**DATA SHOWN:**
━━━━━━━━━━━━━━━━━━━━

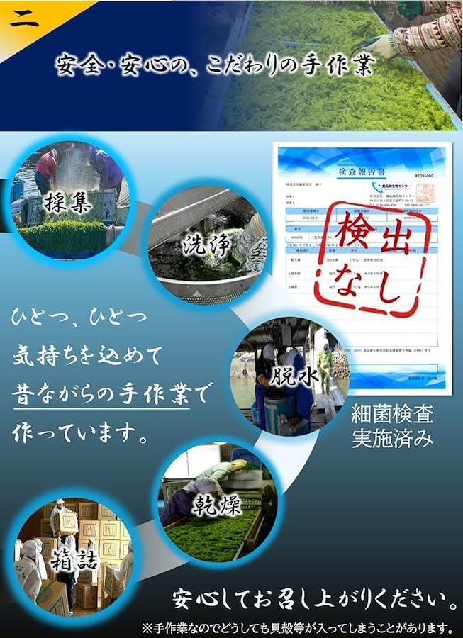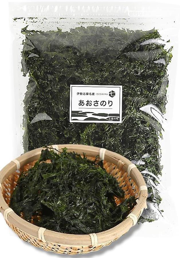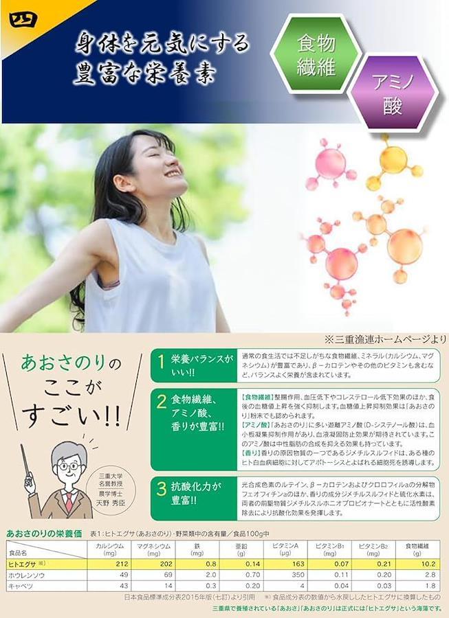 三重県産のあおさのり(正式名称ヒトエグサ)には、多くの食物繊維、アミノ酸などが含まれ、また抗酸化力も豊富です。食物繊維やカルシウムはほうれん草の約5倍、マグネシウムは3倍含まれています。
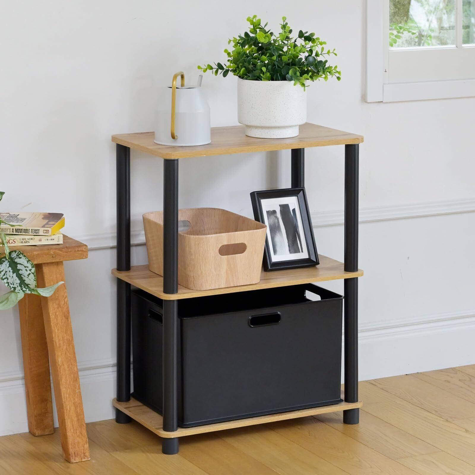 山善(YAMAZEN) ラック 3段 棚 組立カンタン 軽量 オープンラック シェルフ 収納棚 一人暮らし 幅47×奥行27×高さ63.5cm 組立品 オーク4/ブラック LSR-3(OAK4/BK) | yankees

━━━━━━━━━━━━━━━━━━━━

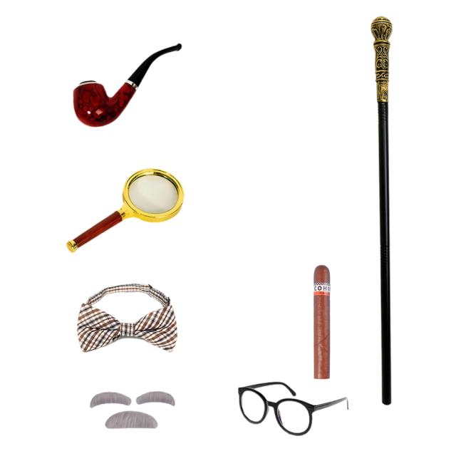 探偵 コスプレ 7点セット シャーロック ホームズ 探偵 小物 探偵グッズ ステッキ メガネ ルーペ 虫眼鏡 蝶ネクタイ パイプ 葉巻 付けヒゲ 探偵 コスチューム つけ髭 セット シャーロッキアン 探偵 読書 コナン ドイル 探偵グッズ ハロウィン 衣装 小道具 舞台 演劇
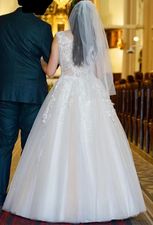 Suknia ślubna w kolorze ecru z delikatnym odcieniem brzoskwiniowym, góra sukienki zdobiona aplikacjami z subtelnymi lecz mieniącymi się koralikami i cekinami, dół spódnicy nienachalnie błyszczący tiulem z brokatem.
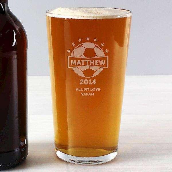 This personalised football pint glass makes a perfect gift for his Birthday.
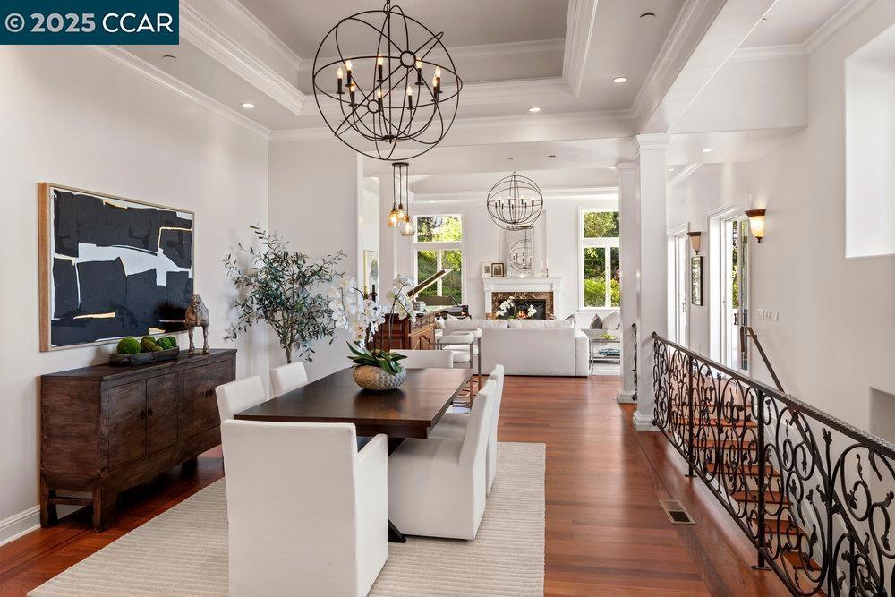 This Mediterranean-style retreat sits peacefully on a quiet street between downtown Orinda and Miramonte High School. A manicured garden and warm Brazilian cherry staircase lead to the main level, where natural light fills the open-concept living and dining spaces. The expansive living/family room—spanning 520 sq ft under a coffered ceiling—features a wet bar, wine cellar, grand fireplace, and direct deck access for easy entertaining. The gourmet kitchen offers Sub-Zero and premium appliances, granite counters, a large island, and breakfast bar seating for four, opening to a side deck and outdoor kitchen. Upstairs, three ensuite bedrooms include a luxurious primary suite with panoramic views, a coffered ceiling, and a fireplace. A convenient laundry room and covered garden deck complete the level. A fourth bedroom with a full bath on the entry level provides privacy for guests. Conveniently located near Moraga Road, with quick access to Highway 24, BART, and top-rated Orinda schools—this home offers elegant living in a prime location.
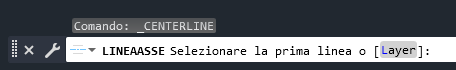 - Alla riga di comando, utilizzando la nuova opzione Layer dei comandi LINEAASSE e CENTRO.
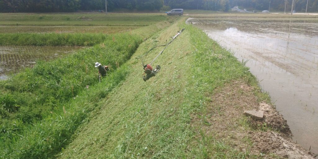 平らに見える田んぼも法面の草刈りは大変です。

━━━━━━━━━━━━━━━━━━━━

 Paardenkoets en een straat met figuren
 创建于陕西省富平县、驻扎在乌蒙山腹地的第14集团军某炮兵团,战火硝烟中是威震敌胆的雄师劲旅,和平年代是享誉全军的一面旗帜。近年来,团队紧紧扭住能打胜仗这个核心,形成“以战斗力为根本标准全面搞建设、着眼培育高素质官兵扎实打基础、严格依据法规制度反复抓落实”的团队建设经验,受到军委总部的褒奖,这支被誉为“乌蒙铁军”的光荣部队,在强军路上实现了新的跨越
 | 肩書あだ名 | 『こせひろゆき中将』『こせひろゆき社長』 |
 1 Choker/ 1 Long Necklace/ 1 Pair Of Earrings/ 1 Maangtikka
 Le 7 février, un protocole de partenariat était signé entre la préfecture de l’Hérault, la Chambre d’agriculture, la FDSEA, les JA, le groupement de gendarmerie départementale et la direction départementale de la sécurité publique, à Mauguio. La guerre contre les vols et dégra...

━━━━━━━━━━━━━━━━━━━━

**EXERCISE:**
Look above for the line with "三重県産のあおさのり(正式名" and the line with "山善(YAMAZEN) ラック 3段". Give again exactly those two lines and all lines between them, pictures excluded.

**TASK ANSWER:**
 三重県産のあおさのり(正式名称ヒトエグサ)には、多くの食物繊維、アミノ酸などが含まれ、また抗酸化力も豊富です。食物繊維やカルシウムはほうれん草の約5倍、マグネシウムは3倍含まれています。
 山善(YAMAZEN) ラック 3段 棚 組立カンタン 軽量 オープンラック シェルフ 収納棚 一人暮らし 幅47×奥行27×高さ63.5cm 組立品 オーク4/ブラック LSR-3(OAK4/BK) | yankees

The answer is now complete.